-------- Record excerpts

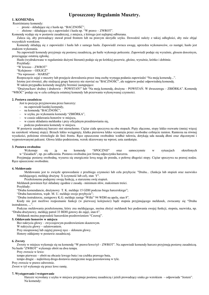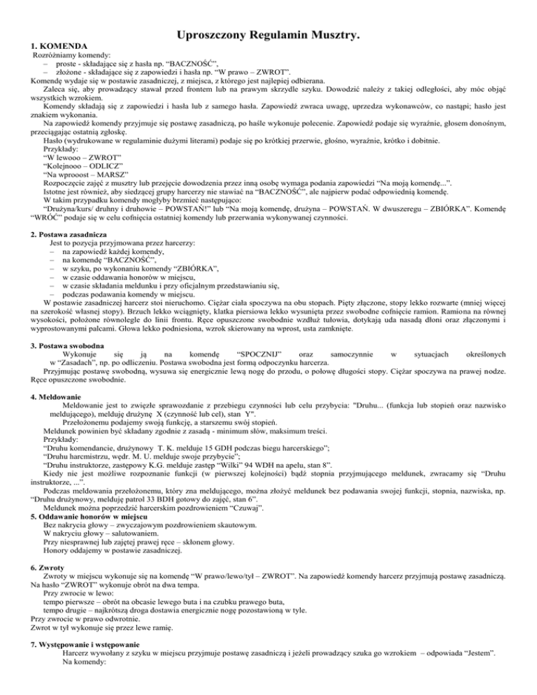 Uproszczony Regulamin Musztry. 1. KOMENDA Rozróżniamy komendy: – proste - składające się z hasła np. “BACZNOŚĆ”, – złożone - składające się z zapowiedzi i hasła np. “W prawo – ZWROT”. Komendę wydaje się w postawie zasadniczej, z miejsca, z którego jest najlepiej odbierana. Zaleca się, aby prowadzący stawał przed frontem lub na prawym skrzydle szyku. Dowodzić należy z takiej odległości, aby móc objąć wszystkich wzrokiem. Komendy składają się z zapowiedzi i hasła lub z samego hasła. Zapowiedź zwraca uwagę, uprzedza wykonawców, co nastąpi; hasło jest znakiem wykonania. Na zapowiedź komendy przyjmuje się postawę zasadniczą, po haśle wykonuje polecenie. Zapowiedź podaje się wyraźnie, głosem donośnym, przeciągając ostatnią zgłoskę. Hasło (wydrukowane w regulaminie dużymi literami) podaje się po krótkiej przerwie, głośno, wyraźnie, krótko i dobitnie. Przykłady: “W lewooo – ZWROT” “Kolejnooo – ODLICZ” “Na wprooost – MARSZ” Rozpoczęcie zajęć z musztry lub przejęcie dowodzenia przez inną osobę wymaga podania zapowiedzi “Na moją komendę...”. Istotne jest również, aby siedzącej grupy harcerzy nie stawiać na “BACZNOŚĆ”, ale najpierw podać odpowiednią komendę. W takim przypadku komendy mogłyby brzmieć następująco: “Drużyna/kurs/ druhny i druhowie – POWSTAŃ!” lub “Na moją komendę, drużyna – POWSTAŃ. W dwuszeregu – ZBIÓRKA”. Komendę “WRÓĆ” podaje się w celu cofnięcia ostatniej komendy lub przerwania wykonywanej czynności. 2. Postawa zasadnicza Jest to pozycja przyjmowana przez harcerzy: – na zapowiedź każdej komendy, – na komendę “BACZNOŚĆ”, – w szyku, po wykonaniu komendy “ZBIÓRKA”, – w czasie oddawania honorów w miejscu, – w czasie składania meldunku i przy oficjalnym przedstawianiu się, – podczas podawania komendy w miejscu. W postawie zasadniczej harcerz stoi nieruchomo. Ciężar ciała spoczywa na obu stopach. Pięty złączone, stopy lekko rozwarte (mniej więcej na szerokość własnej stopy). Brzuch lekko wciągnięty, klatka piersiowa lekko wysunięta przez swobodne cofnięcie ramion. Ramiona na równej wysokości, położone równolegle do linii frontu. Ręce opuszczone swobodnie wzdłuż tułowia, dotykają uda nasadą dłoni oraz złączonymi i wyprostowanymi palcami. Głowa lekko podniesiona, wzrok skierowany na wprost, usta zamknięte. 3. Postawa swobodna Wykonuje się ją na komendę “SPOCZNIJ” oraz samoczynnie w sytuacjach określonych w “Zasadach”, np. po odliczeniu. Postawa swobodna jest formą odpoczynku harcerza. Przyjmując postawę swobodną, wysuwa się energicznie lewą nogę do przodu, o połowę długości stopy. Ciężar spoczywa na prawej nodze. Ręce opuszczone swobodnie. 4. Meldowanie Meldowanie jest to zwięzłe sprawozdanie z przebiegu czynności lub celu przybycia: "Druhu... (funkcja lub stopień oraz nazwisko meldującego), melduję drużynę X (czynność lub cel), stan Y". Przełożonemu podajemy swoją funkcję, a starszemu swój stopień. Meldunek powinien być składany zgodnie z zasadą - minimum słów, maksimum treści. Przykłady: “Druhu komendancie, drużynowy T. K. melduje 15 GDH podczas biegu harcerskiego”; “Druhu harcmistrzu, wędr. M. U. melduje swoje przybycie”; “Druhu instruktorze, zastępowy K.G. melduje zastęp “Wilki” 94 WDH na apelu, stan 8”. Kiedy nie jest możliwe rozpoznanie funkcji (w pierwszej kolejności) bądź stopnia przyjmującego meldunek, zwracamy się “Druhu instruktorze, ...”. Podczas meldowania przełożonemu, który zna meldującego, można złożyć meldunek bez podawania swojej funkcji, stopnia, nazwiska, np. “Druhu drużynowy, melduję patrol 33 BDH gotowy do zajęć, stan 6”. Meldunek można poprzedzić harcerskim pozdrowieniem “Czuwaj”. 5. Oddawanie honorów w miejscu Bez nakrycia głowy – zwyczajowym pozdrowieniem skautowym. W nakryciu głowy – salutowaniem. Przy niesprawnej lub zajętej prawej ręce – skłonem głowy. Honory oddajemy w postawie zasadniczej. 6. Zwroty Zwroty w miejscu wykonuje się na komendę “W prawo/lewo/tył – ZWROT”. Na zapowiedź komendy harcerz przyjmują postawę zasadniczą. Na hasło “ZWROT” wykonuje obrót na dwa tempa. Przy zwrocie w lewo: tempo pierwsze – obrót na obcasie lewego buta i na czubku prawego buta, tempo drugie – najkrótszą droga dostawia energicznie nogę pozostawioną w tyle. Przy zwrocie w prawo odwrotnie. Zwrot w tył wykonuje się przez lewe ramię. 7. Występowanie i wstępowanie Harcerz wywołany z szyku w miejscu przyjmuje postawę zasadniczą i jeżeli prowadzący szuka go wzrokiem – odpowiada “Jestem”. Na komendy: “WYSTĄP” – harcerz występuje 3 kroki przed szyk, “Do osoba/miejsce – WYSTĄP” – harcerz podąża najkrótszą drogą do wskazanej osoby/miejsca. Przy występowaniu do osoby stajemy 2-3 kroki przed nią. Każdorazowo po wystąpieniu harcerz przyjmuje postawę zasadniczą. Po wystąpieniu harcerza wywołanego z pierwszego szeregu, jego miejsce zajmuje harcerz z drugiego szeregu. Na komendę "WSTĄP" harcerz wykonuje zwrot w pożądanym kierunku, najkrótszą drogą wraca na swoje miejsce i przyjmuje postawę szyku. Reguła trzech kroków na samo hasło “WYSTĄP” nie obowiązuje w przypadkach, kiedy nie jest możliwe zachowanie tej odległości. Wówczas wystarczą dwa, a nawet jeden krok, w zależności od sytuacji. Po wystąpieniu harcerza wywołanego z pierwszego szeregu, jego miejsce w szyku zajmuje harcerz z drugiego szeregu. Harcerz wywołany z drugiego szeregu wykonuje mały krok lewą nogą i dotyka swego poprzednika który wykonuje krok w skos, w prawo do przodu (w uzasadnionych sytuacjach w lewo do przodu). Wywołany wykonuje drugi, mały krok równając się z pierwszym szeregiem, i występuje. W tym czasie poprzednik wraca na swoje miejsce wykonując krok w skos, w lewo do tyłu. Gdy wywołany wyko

----------------
-------- Record excerpts

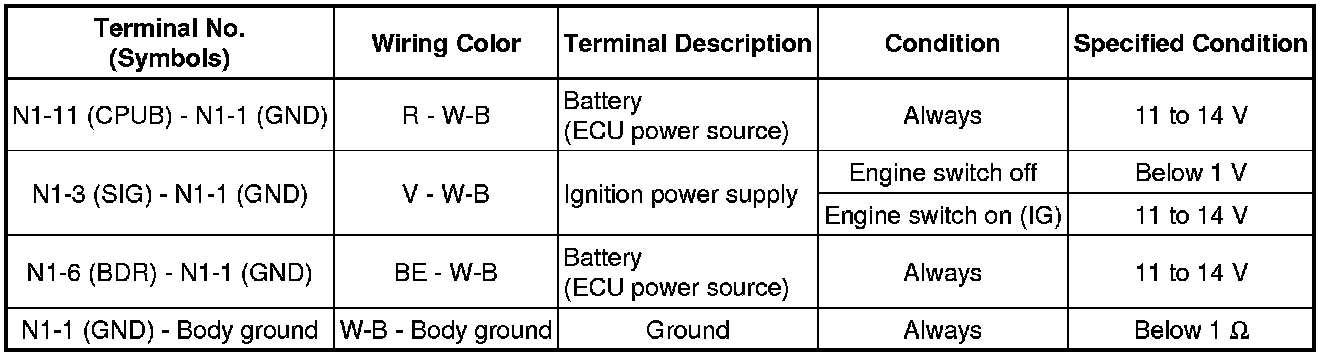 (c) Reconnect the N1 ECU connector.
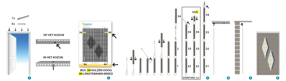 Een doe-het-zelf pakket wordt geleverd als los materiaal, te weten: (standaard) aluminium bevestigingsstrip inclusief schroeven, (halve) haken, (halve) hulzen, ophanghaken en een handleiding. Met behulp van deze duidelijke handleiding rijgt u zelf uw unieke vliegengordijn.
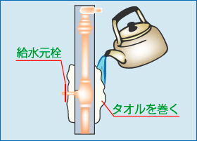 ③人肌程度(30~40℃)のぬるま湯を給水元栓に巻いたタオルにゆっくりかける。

----------------

- **Your task**:
Working from the entries above, please transcribe only the lines from the line with "Een doe-het-zelf pakket" through the line with "③人肌程度(30~40℃)のぬるま湯を給水元栓に巻いたタオルにゆっくりかける。", exactly, with both end lines and without pictures.

- **Exercise result**:
 Een doe-het-zelf pakket wordt geleverd als los materiaal, te weten: (standaard) aluminium bevestigingsstrip inclusief schroeven, (halve) haken, (halve) hulzen, ophanghaken en een handleiding. Met behulp van deze duidelijke handleiding rijgt u zelf uw unieke vliegengordijn.
 ③人肌程度(30~40℃)のぬるま湯を給水元栓に巻いたタオルにゆっくりかける。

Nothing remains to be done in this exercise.